Moskaus Außenminister wirft Westen Verzögerungstaktik vor
Inmitten der anhaltenden Spannungen um den Ukraine-Konflikt hat Russlands Außenminister Sergej Lawrow eine scharfe Kritik an Kiew und dem Westen geübt. In einem Interview warf er beiden Seiten vor, durch Forderungen nach einem Waffenstillstand lediglich Zeit gewinnen zu wollen. Diese Behauptung äußerte Lawrow auf dem ungarischen YouTube-Kanal Ultrahang und kritisierte die Europäer, ihre Rhetorik als Mittel zur Dominanz der Agenda zu nutzen.

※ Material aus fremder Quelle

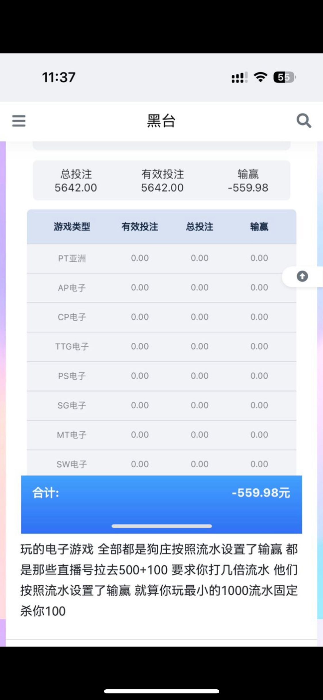 图一系列的台不要玩电子每1000流水设置的负利是300 其他的台全是100而已
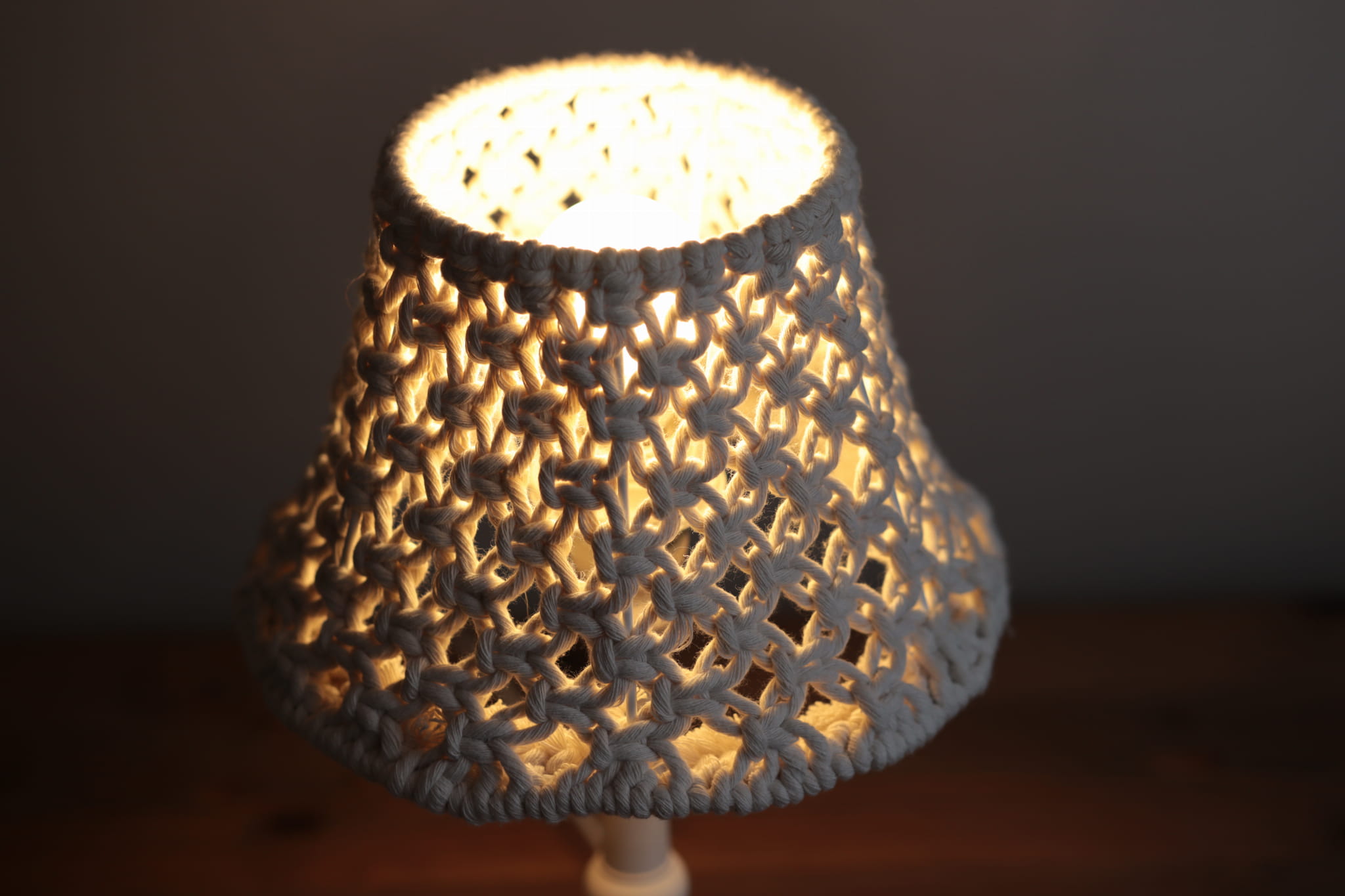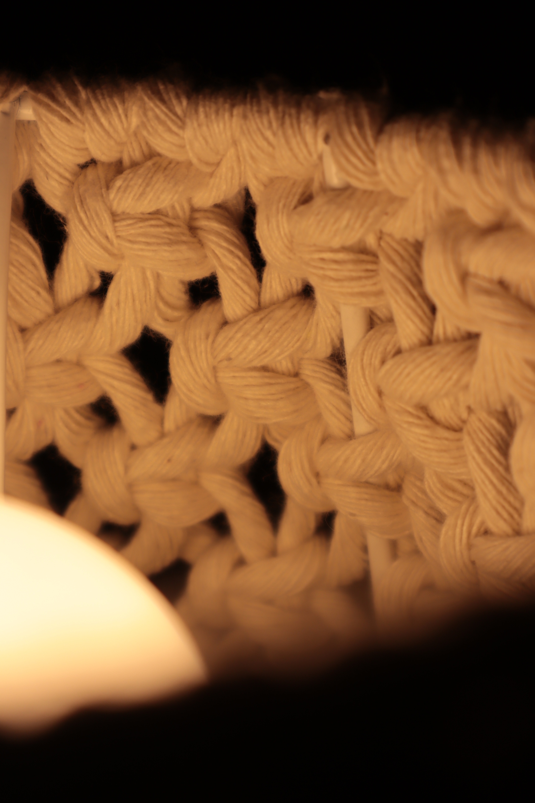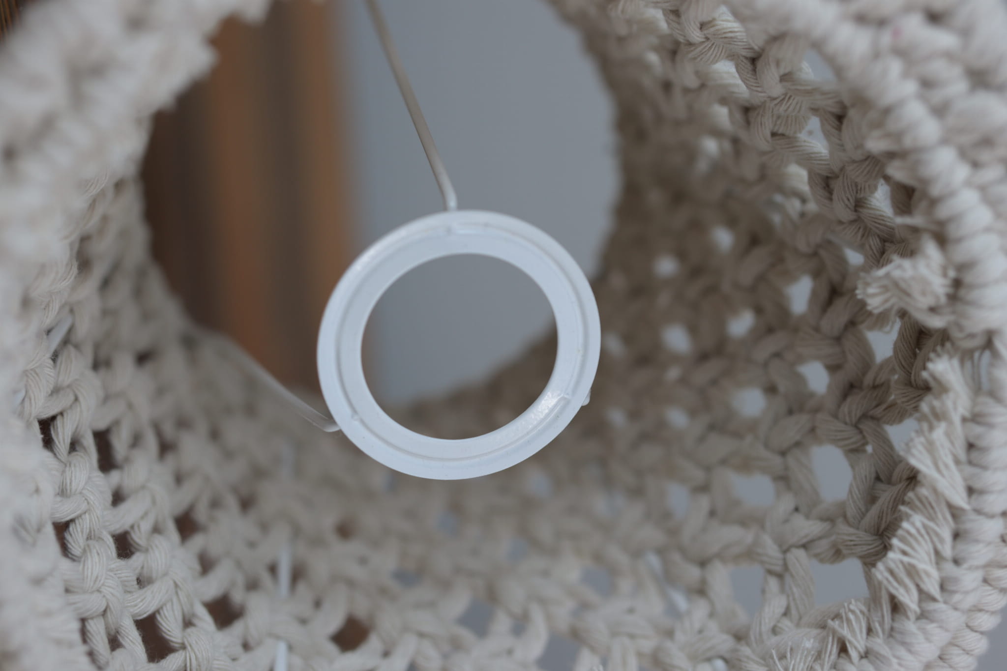Abażur ∅24cm (wzór płaski) - wykonany techniką makramy (wyplatany ręcznie) ze sznurka bawełnianego skręcanego pojedynczo o grubości 5mm w kolorze białym naturalnym - czyli ecru, off white.

Lawrow unterstrich, dass die Ukraine besonders einen Waffenstillstand ohne Vorbedingungen benötigt, da ihr die militärischen Ressourcen knapp werden. Gleichzeitig bemerkte er, dass Kiew seine Position je nach Frontverlauf anpasse, um strategische Vorteile zu sichern. Besonders im Visier seiner Kritik stand die vermeintliche Behinderung der Friedensbemühungen des ehemaligen US-Präsidenten Donald Trump durch europäische Akteure.
Laut Lawrow sei es auffällig, dass Bestrebungen unternommen werden, Trumps frühere Logik, die eine Nichtverwicklung der Nato in die Ukraine-Krise vorsah, zu untergraben. Trump hatte sich bereits vor seiner angestrebten Wiederwahl im Jahr 2024 klar gegen eine Beteiligung der Nato an dem Konflikt positioniert. Die Dynamik der Waffenlieferungen an die Ukraine stößt ebenfalls auf Lawrows Missbilligung. Diese erfolgen durch die europäische Nato-Mitgliedstaaten, die mit amerikanischer Ausrüstung beliefert und dann an Kiew weitergeleitet werden, um die ukrainischen Streitkräfte zu stärken.